If you can't use x, you can also think of it like this:

At 1 8 when they met, the two traveled twice the whole way, A traveled 7 8 the whole way, and B traveled 9 8 the whole way, that is, there are two more 1 8s, A and B have the same speed, and B travels more than A is the first 16 kilometers, then 16 2 8 = 64 kilometers.

Solution: Let a and b be separated by x kilometers, then.

x7/8=x1/8+(x-16)

x6/8=x-16

x2/8=16

x = 64 A: A and b are 64 km apart.

2 x 16 km is 1+1 8 for the whole journey

The total distance is 256 9 km.

According to the title, if A starts at 16 kilometers and then the time is equal to B's, and their speed is the same, then it follows that A's distance after 16 kilometers is equal to B's total distance. Let A and B be y kilometers apart.

The columnable equation: y - 16 + 1 8y = y - 1 8y yields: y = 64 (km).

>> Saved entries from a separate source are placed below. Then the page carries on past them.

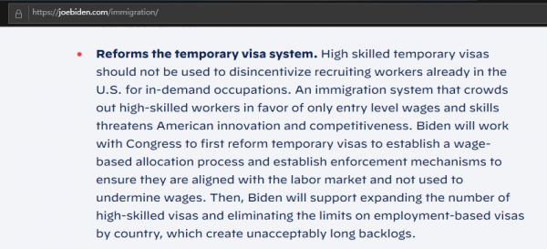 值得注意的是,拜登并非想要对 H-1B 彻底大开门。他的竞选官网上也指出,高技术人士临时签证不应该被过度使用,导致公司宁可雇佣外国人,也不愿意雇佣已经在美国境内的人士(包括美国人)。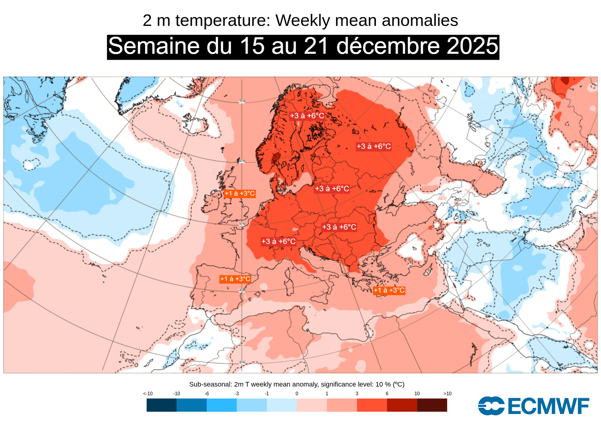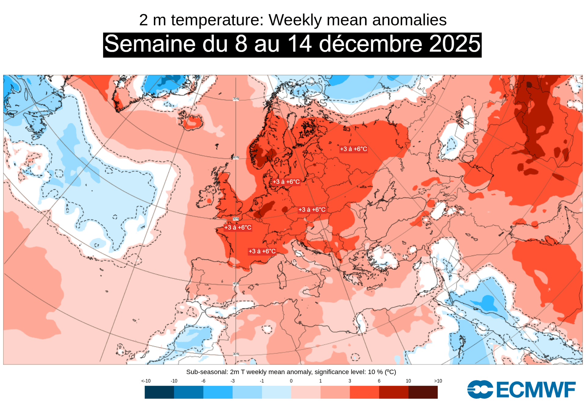 Anomalies de températures sur l'Europe pour la semaine du 8 au 14 décembre 2025 – ECMWF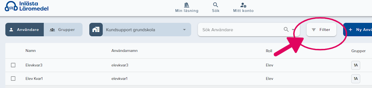 All inloggad personal kan filtrera fram vem eller vilka på skolan/organisationen som har administratörsrättigheter.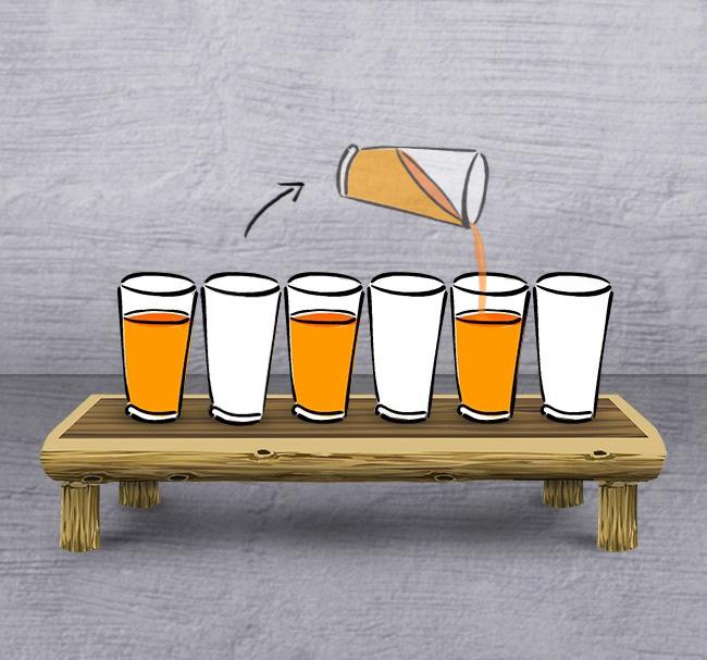 druhý plný prelejem do piateho prázdneho pohára😀

The 1 8 above does not indicate the direction, if the 1 8 is on the left, it is:

y - 16 + 7 8y = y - 1 8y gives the following result: y = 64 7 (km).

1 8 is 16 km, 16 1 8 = 128 km, and the whole journey is 128 km.

64 km with a and b separated by x km; Then the equation 9 8x-16=7 8x can be solved to obtain x=64, that is, the distance between a and b is 64 kilometers, or the road difference method 2*1 8x=16 can obtain x=64ok, if you feel that it is okay, you can use it

60 3 = 20 square centimeters.

60 4 = 15 square centimeters.

60 5 = 12 square centimeters.

94 square centimeters.

60 3 = 20 square centimeters (product of length and height).

60 4 = 15 square centimeters (width and height of the product).

60 5 = 12 square centimeters (product of length and width).

94 square centimeters (surface area of a cuboid).

From the known length * height = 20 width * height = 15 length * width = 12

So the surface area is: 20*2+15*2+12*2=94 (square centimeters).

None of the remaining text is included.